2nd attempt: I re-installed the nodes as Fedora 17 boxes and
downgraded the kernels to 3.4.6-2.  Then I connected these from the
Engine (specifying the root pw) and watched the logs while things
installed.  After reboot neither of the servers were reachable.
Sitting in front of the console, I realized that networking was
refusing to start; several errors printed to the console looked like:

device-mapper: table: 253:??: multipath: error getting device (I don't
remember exactly what was after the 253:)

calling multipath -ll yielded no output, calling multipath -r
re-issued the above errors

Obviously the Engine did a lot of work there, setting up the bridge,
etc.  I did not spend a long time trying to untangle this.  (In
retrospect, I will go back and probably spend more time trying to
track this down, but it's difficult since I lose network  have to
stand at the console in the server room :))

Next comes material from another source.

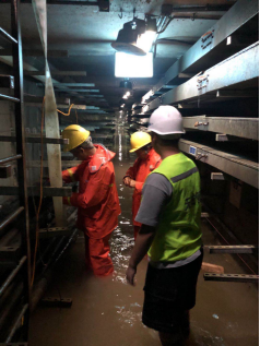 市城投公司黨委委員、安全生產(chǎn)領(lǐng)導(dǎo)小組副組長徐敏、楊晨親臨一線指揮搶險工作。他們要求,一是要集中力量消除雙喜大道綜合管廊監(jiān)控中心積水隱患,確保附屬設(shè)施完好無損;二是要在地勢低洼、且尚未安裝自動抽排設(shè)施的管廊節(jié)點加派排水泵進行人工抽排,盡可能緩解纜線管廊積水情況;三是搶險人員要注意個人生命安全,嚴(yán)格操作程序,緊急情況下要在確保個人安全的前提下開展搶險工作。

3rd attempt: I re-installed the nodes with Fedora 17 and attempted to
install VDSM manually by RPM.  Despite following the instructions to
turn off ssl (ssl=false in /etc/vdsm/vdsm.conf), I am seeing SSL
unknown cert errors from the python socket server with every attempt
of the engine to talk to the node.   I added the CA from the master
into the /etc/pki/vdsm (since that was the commented-out path in the
config file as the trust store)  and added the server's cert here too,
but have no idea what form these files should take to be respected by
the python server -- or if they are respected at all.  I couldn't find
this documented anywhere, so I left the servers spewing logs for the
weekend figuring that I'll either give up or try another strategy on
Monday.

So is there a general strategy that should get me to a working system
here?  I suspect that the Node image is not a good path, since it
appears to be incompatible with NFS mounting.  The
Fedora-17-installed-by-engine sounds good, but there's a lot of magic
there  it obviously completely broke my systems.  Is that where I
should focus my efforts?  Should I ditch NFS storage and just try to
get something working with local-only storage on the nodes?  (Shared
storage would be a primary motivation for moving to ovirt, though.)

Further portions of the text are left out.